In a statement issued in response to enquiries from PublicTechnology, Agnieszka Gajli, strategic procurement manager at YPO, said that new procurement laws will help the procurement organisation deliver a framework that helps establish parity between customers and suppliers.

“We will officially procure this solution under new Procurement Act 2023 and Procurement Regulations 2024 and use the new regime flexibility in designing a solution that will help to create a level playing field between a public sector buyer and the software seller,” she said. “This framework is available to the public sector – including local authorities and schools.”

While G-Cloud – which was first created in 2012, and is expected to shortly appoint suppliers to its 14th iteration – will be familiar to most public sector tech buyers, its near namesake is not affiliated to the long-standing buying vehicle, run by the Crown Commercial Service.

“It will be a competing solution and not linked to the CCS solution, [and] will focus on supporting YPO’s customers in maximising the value of technology,” Gajli said.

Suppliers – or potential buyers – interested in taking part in the consultation phase are asked to contact the YPO procurement manager by 5 July.

The buying group will conduct “a series of market-engagement events to be held in July and August 2024 at which YPO and the participating organisations will be required to make a formal presentation”.

YPO was founded in 1974 to support procurement across 13 local councils around Yorkshire and north west England – which remain the collective owners of the organisation. This includes councils representing: Barnsley; Bolton; Bradford; Calderdale; Doncaster; Kirklees; Knowsley; North Yorkshire; Rotherham; St Helens; Wakefield; Wigan; and York.

The organisation now operates 100 frameworks, which feature a cumulative tally of 23,000 products and services.

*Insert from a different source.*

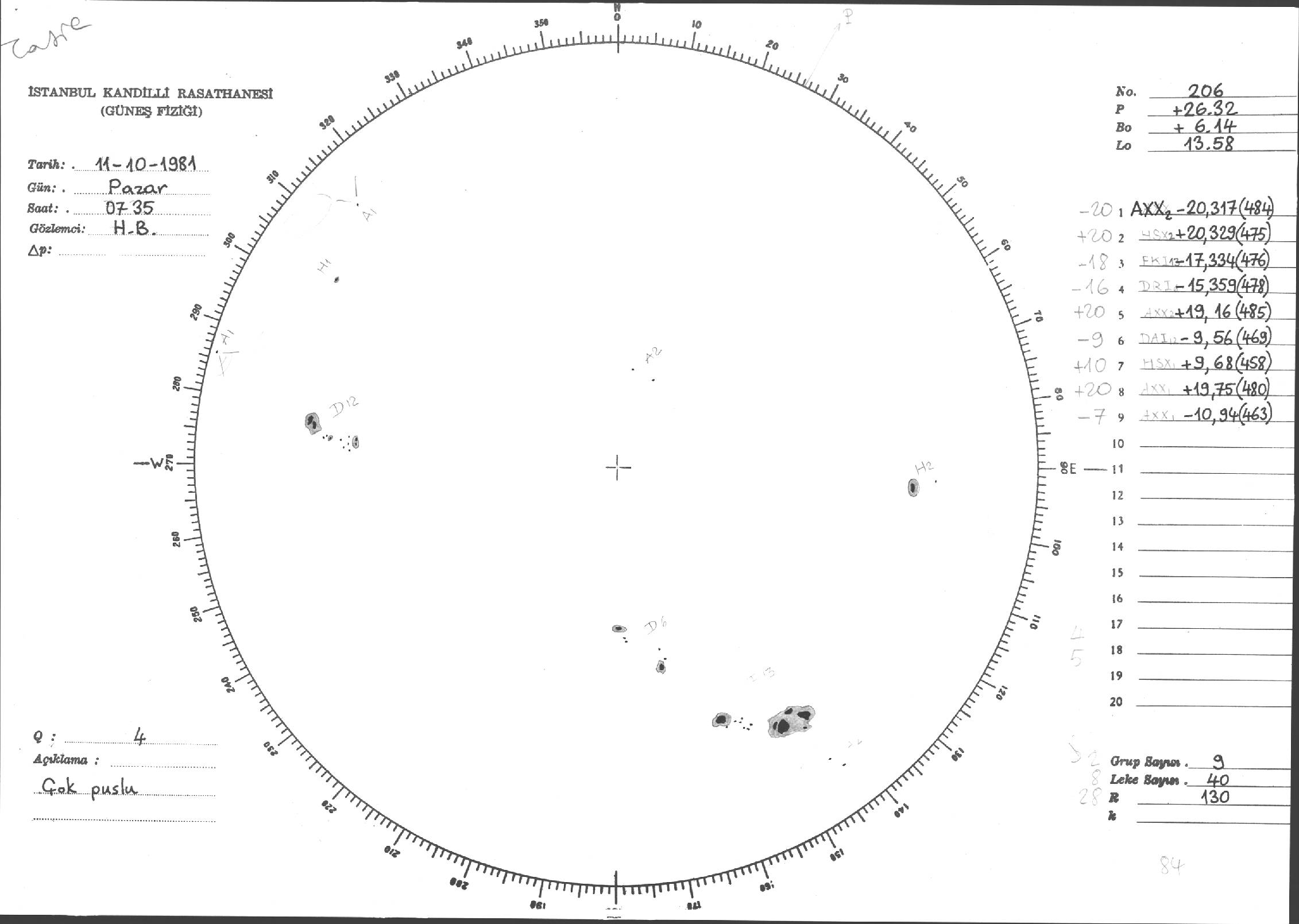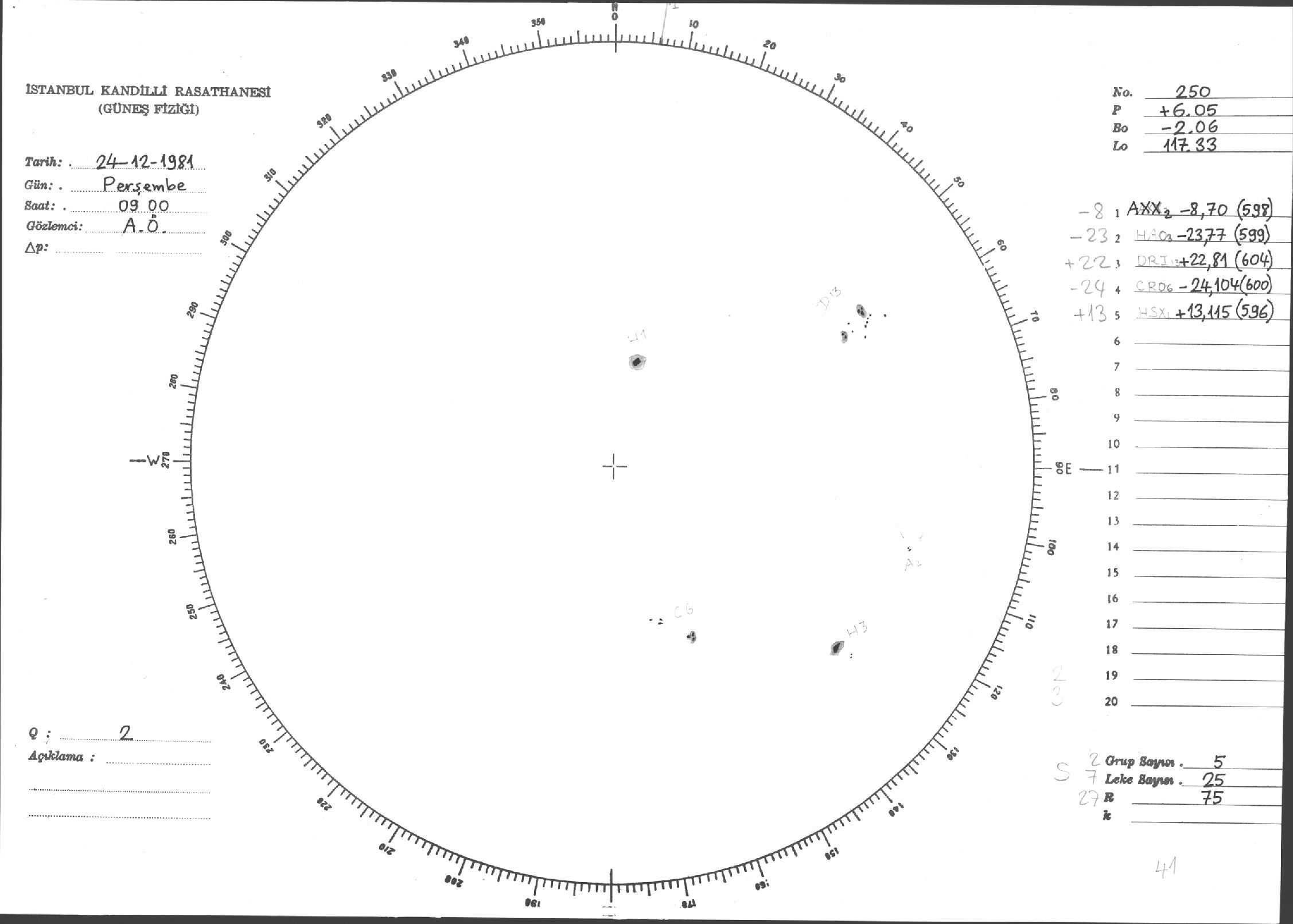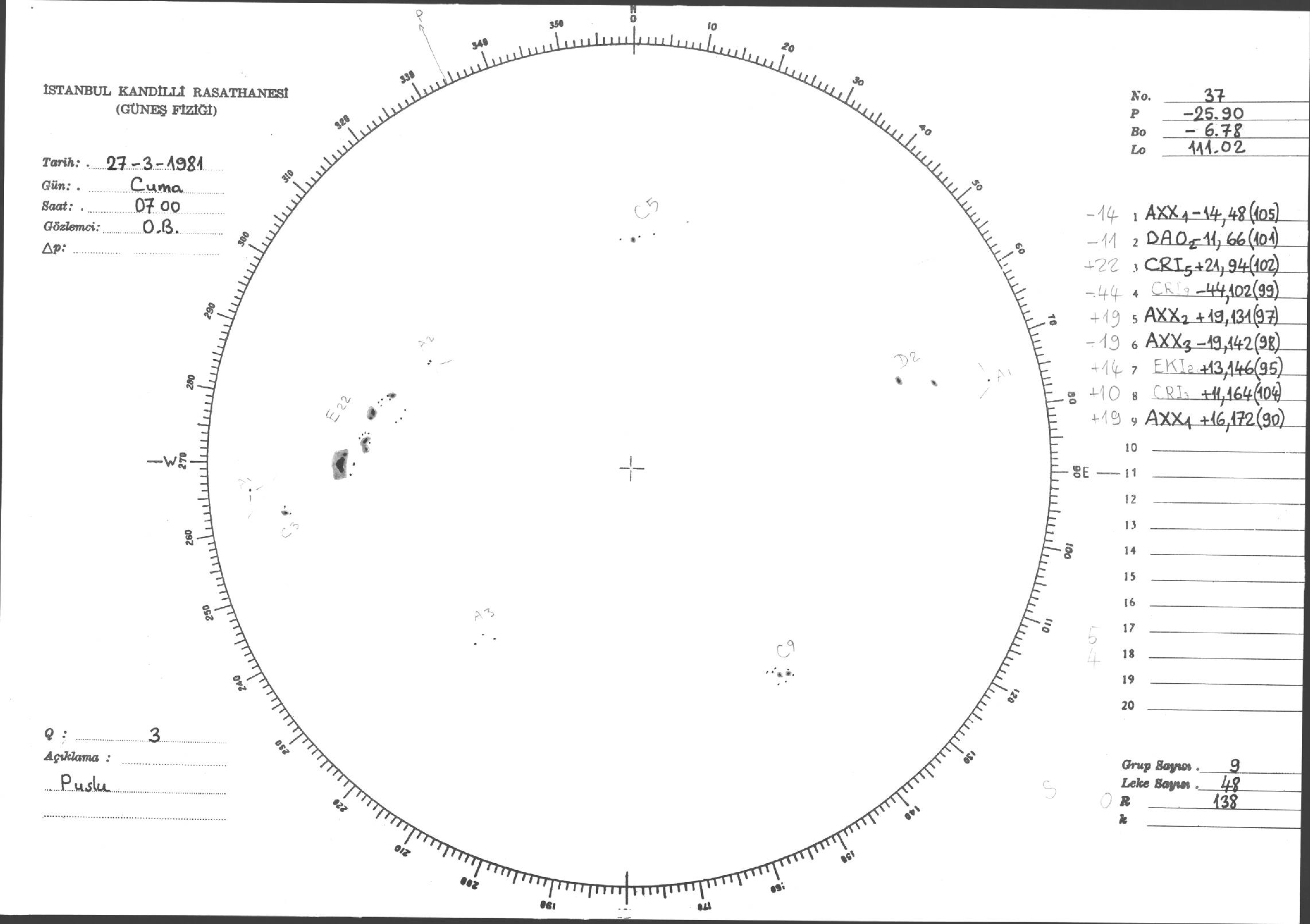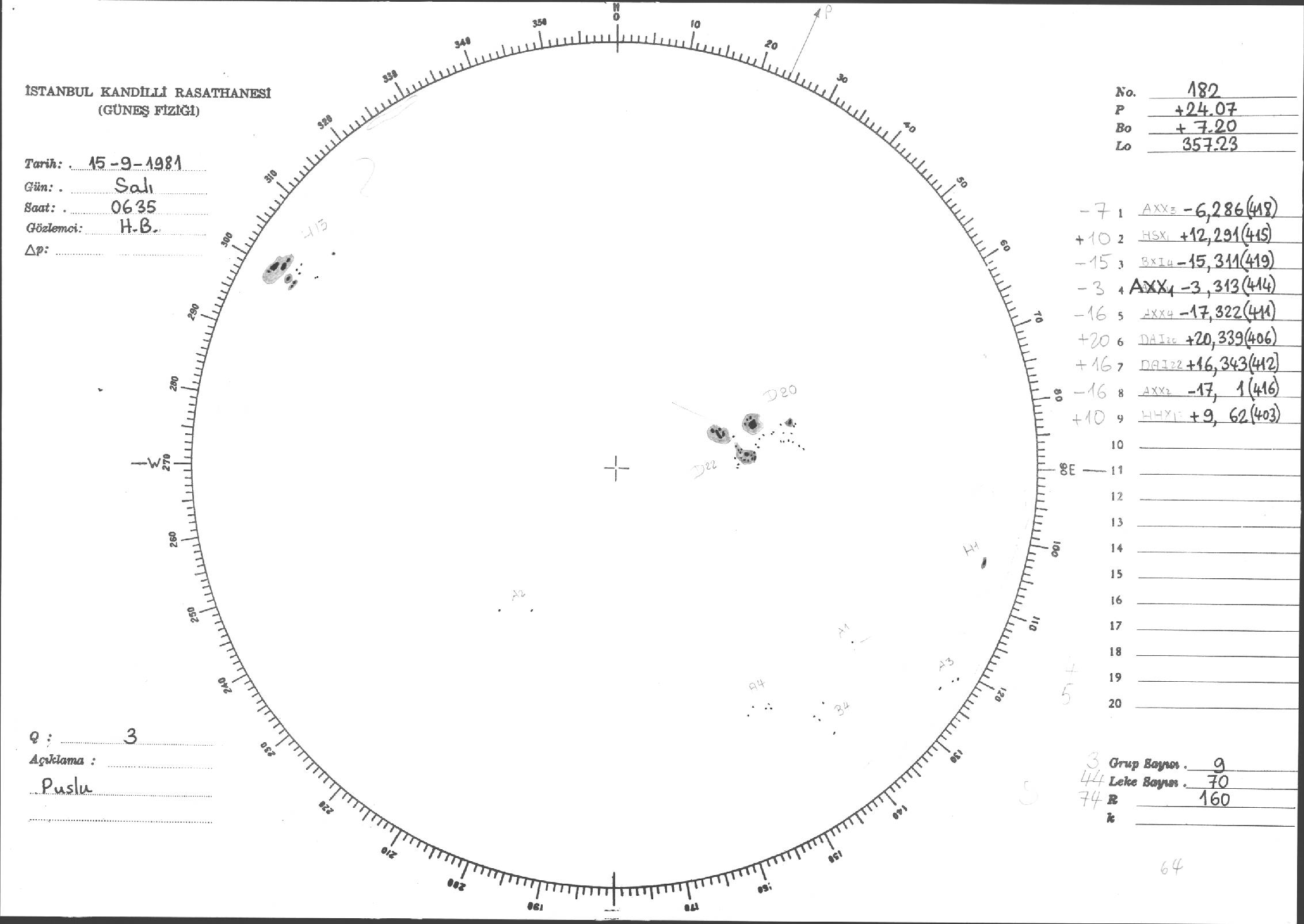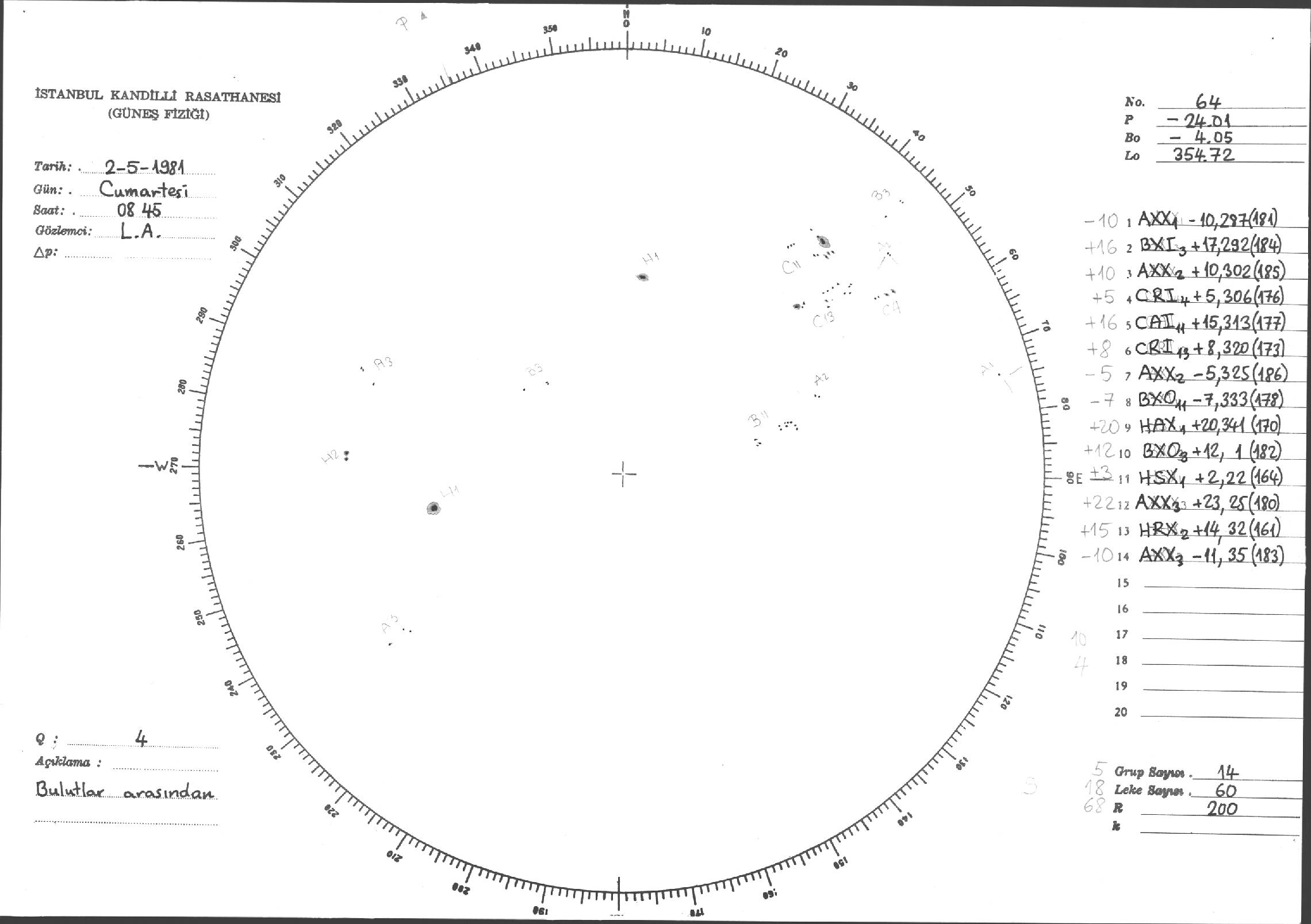 Güneş Lekesi Çizimleri / Kandilli Sunspot Drawings

“YPO supplies products and services to a wide range of customers including schools, local authorities, charities, emergency services, public sector and other businesses such as nurseries and care homes,” the organisation’s website says. “We’re 100% publicly owned, by 13 local authorities, which means the profits we make are returned to our public sector customers, delivering even better value for money.”

It adds: “As we can combine your demands with our other customers, we can negotiate a better deal for you than if you tried on your own. All of this means that you receive the best possible range and prices without ever having to compromise on service or quality.”

Other procurement groups operating a similar model including the education-focused ESPO and CPC consortia, as well as NEPO – which is governed by 12 local authorities across the north east, and will support YPO in delivering the Alpha G-Cloud framework.